First, observe that we can get rid of all SAVE and LOAD commands with ~\mathcal O(M)~ time complexity. We process the sequence of commands in reverse order, starting from the last one down to the first one. Whenever a LOAD command is to be processed, we ignore all commands between this command and the corresponding SAVE command. With this approach, we obtain an equivalent sequence of commands which consists of only PAINT commands.

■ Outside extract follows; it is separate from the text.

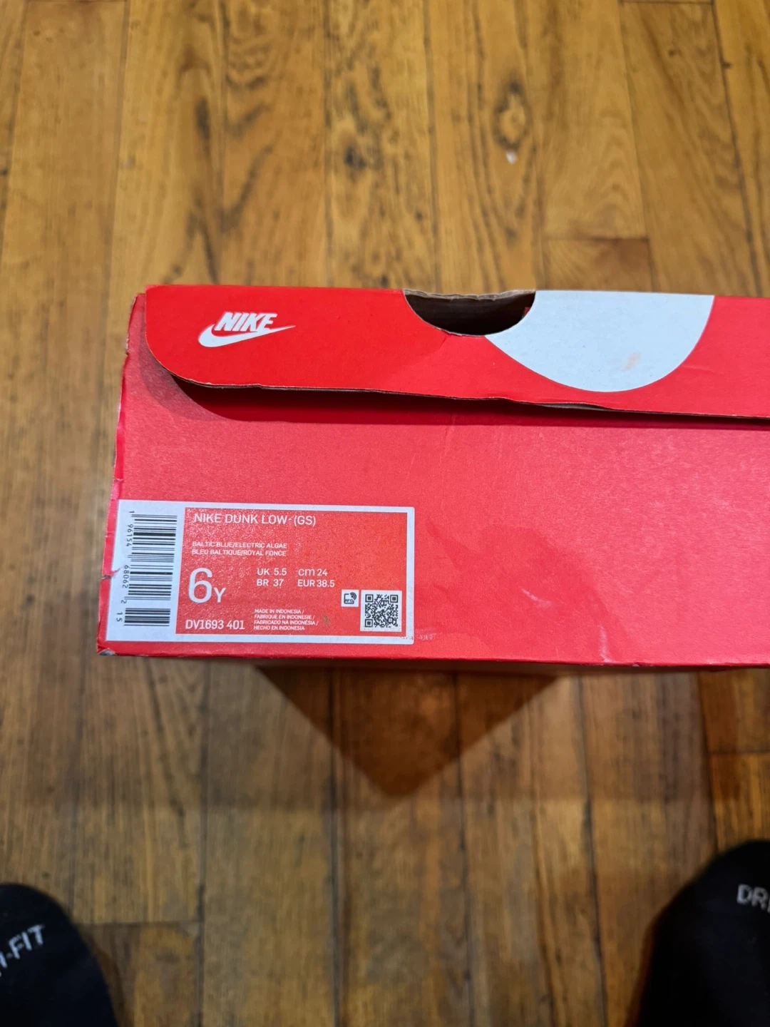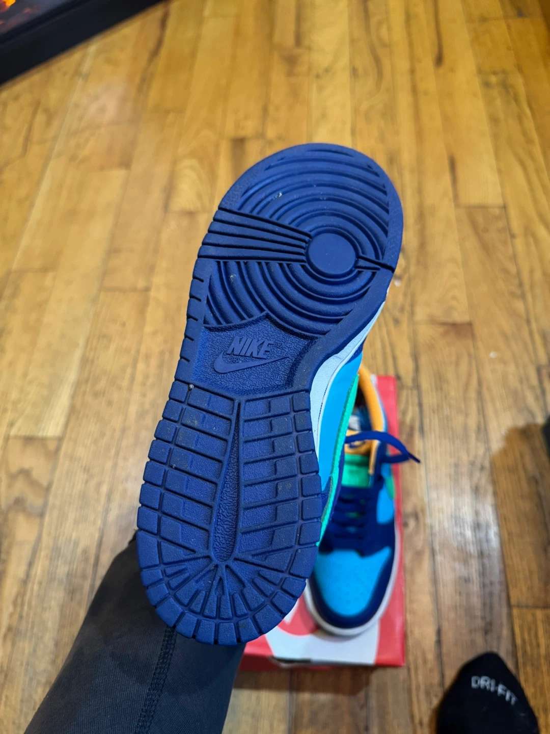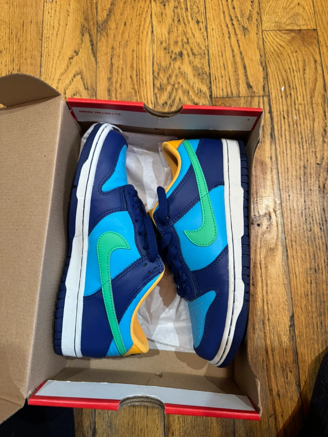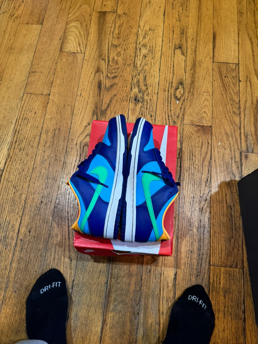 15Selling a pair of Nike Dunk Low (GS) in a cool blue and electric algae colorway! These are a size 6Y for boys. They come with the original box. Perfect for a stylish kid! Just tried on.

This problem can now be solved using a sweep-line algorithm. Traversing the painting row by row, we keep two tournament trees; a red one and a white one, for convenience. The red tree will contain the checkerboard patterns in which even squares are painted in the current row, while the white tree will contain the patterns in which odd squares are painted in the current row. As we traverse rows, we swap those two trees before advancing to the next row. The tree nodes will contain the sets of patterns which cover the corresponding intervals, sorted by the time of painting.

Note that insertion and removal of a pattern has ~\mathcal O(\log N \times \log M)~ time complexity, while a query for any square has ~\mathcal O(\log N)~ time complexity, which yields the total time complexity of ~\mathcal O(N^2 \log N + M \log N \log M)~.

Alternatively, the task can be solved with the union-find algorithm, in time complexity ~\mathcal O(NM)~. This is left as an exercise for the reader.